*** EXCERPTED DATA ***
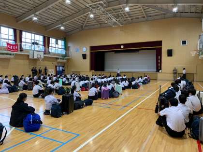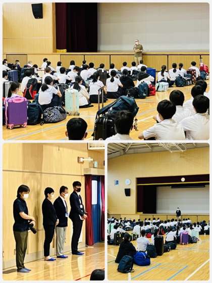 小雨降りしきる中、47期生の修学旅行がスタートしました。ここまで、2年生の三学期からおよそ3ヵ月間をかけて、生徒有志によるプロジェクトチームを中心に企画を行なってきました。今回、プロジェクトチームが考えた修学旅行のテーマは「持ち物は47期生の集大成 お土産は47期生の絆と友情」です。出発式ではそのテーマを踏まえて、プロジェクトリーダーが力強く挨拶をしてくれました。みなさん、テーマに沿った行動を通し、ひとまわり成長した姿をお土産に帰って来たいと思います。また、足元の悪い中、早朝にも関わらずお見送りに来てくださった保護者のみなさま、他学年の先生方、どうもありがとうございました。今回の修学旅行の様子は、こちらのホームページで随時お知らせいたします。お時間ありましたらどうぞご覧ください。
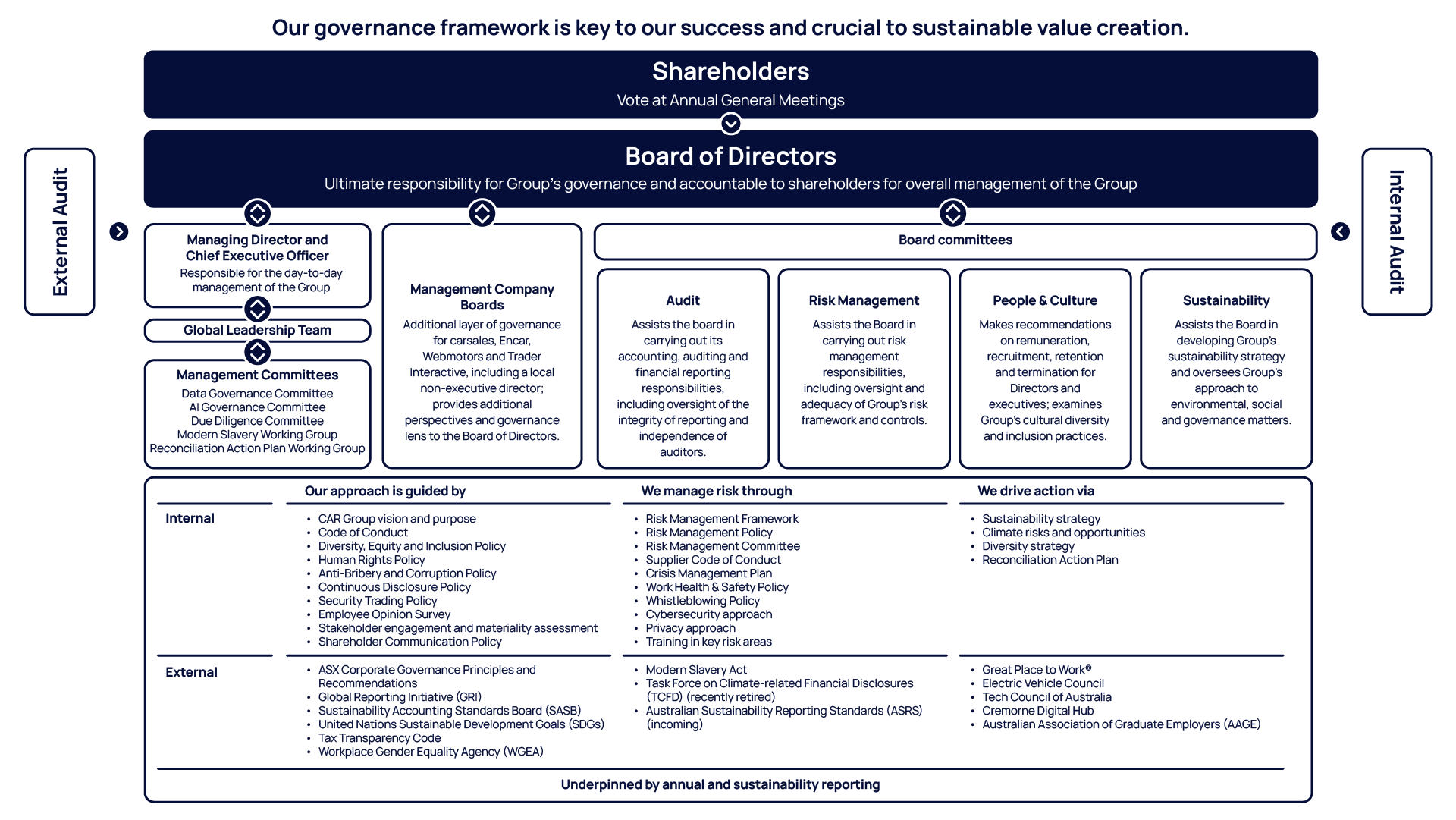 CAR Group is a company with a strong moral compass and is committed to strong corporate governance and complying with both the letter and spirit of the law. We build and maintain an ethical culture of integrity, transparency and accountability at all levels.
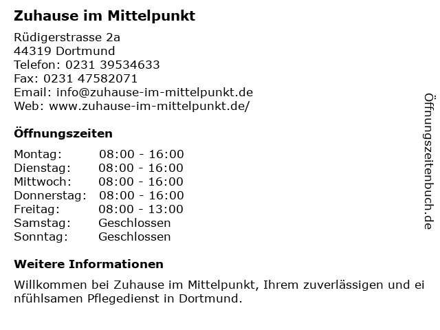 | Öffnungszeiten Zuhause im Mittelpunkt in Dortmund anzeigen | |
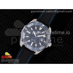 OX공장 태그호이어 아쿠아레이서5 스틸 43MM 싱글블루 Aquaracer Calibre 5 SS 43mm Ceramic Bezel Black Dial "Single Blue" on Nylon Strap SW200
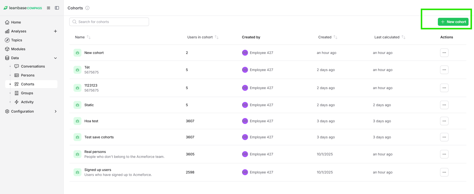 Navigate to the People page within the sidebar, then click on the Cohorts tab.
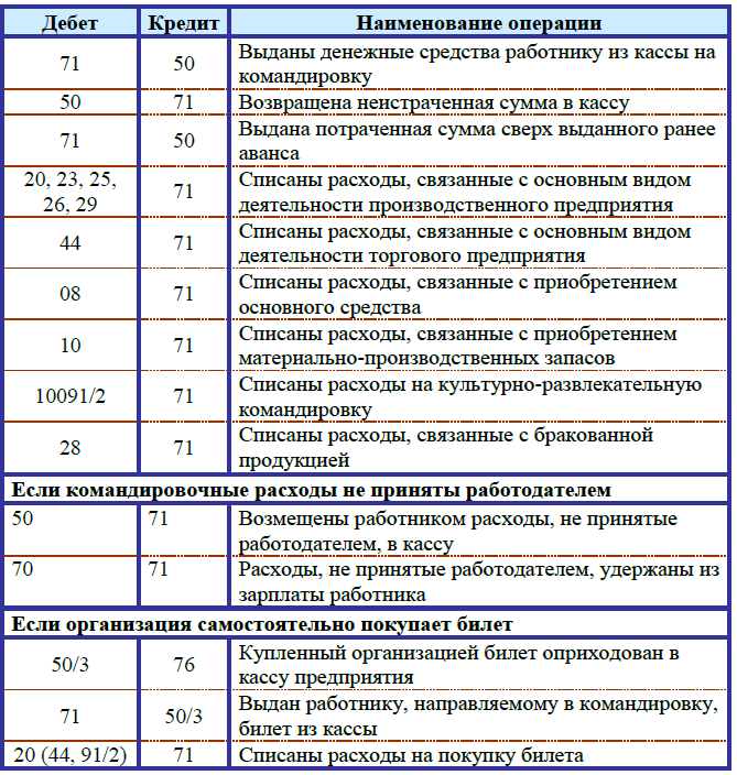 5. Командировочные расходы списываются со счета 71 в дебет счетов учета товарно-материальных ценностей или учета расходов.
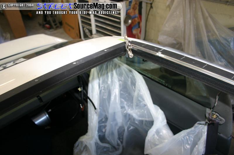 Since I work at a body shop that often uses silicon sealants we decided to use heavy-duty window and panel sealer used for sealing windows in cars and body panels. We spread a ½” thick bead around the area where the rag top frame is going to rest. Be prepared for a mess when you are doing this, I suggest you have some rags and lacquer thinner/cleaner close by. You will need a couple people to lift the ragtop into the hole. First make sure that the hole for the rag top lock is in the front. Lower the frame assembly into the hole and squeeze it tight to the roof being careful not to dent it. We used heavy duty C clamps to hold the frame tight to the roof, be careful not to make them to tight because you may dent the roof around the frame. We clamped the frame down on both sides and the front and back. We waited approx. 2 hours before we began any drilling. The silicon that is being squeezed out will take you a decent amount of time to clean up. After we were all cleaned up we cleared the silicon out of the holes so that the studs could be pushed through. Tighten the studs all around the roof by pushing the studs into the holes and using the washers and nuts from underneath. Be careful not to over tighten any of the studs. Next you can silicon around the inside of the studs if you feel the need to go the extra mile.
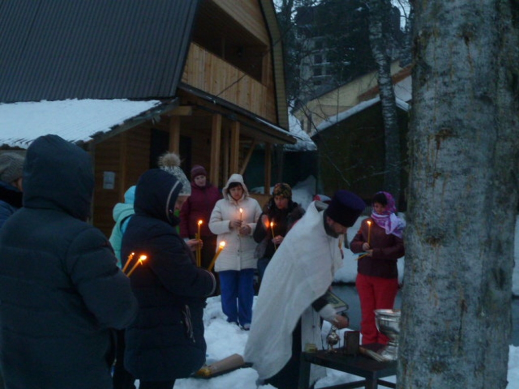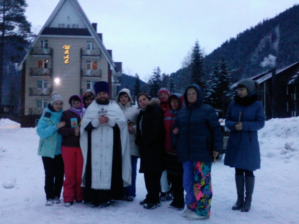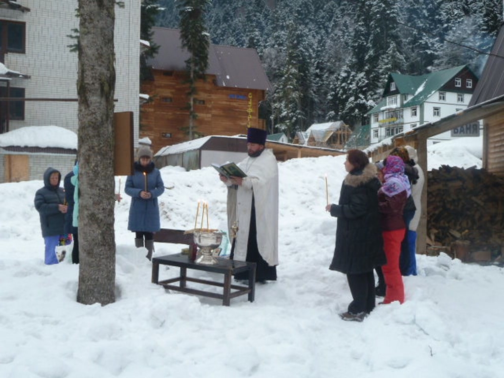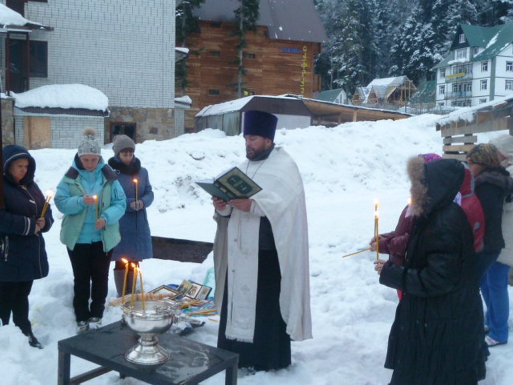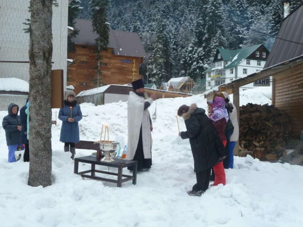 В Крещенский сочельник чин Великого освящения воды совершили в общине в память священномученика Вениамина митрополита Петроградского. Настоятель общины иерей Сергий Фоменко освятил воду для жителей и гостей поселка Домбай.
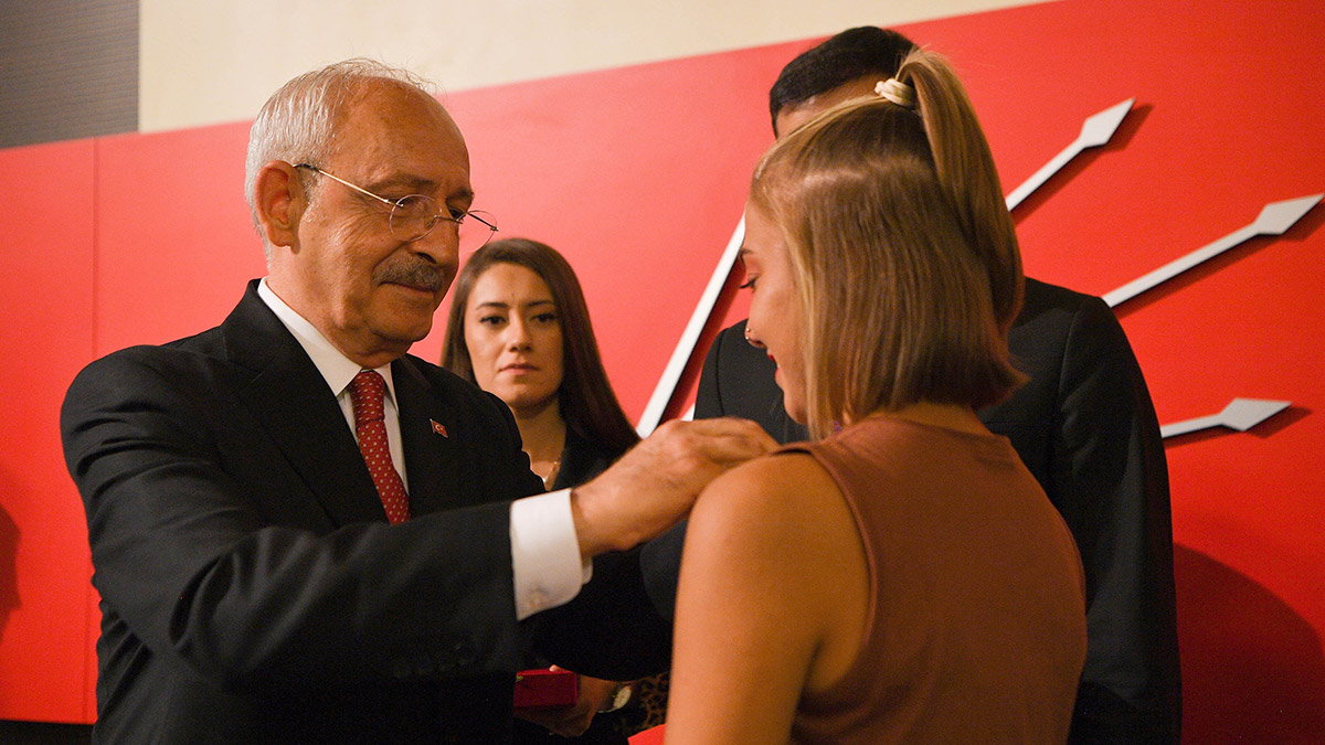 Kılıçdaroğlu, konuşmasının ardından 99’uncu kuruluş yıl dönümüne özel CHP’ye üye olan 99 gençten 9’una parti rozetini taktı.
*** End of EXCERPTED DATA ***
Set down word for word the lines above from the one with "CAR Group is" up to and including the one with "5. Командировочные расходы". Omit every picture.

(TASK RESULT)
 CAR Group is a company with a strong moral compass and is committed to strong corporate governance and complying with both the letter and spirit of the law. We build and maintain an ethical culture of integrity, transparency and accountability at all levels.
 | Öffnungszeiten Zuhause im Mittelpunkt in Dortmund anzeigen | |
 OX공장 태그호이어 아쿠아레이서5 스틸 43MM 싱글블루 Aquaracer Calibre 5 SS 43mm Ceramic Bezel Black Dial "Single Blue" on Nylon Strap SW200
 Navigate to the People page within the sidebar, then click on the Cohorts tab.
 5. Командировочные расходы списываются со счета 71 в дебет счетов учета товарно-материальных ценностей или учета расходов.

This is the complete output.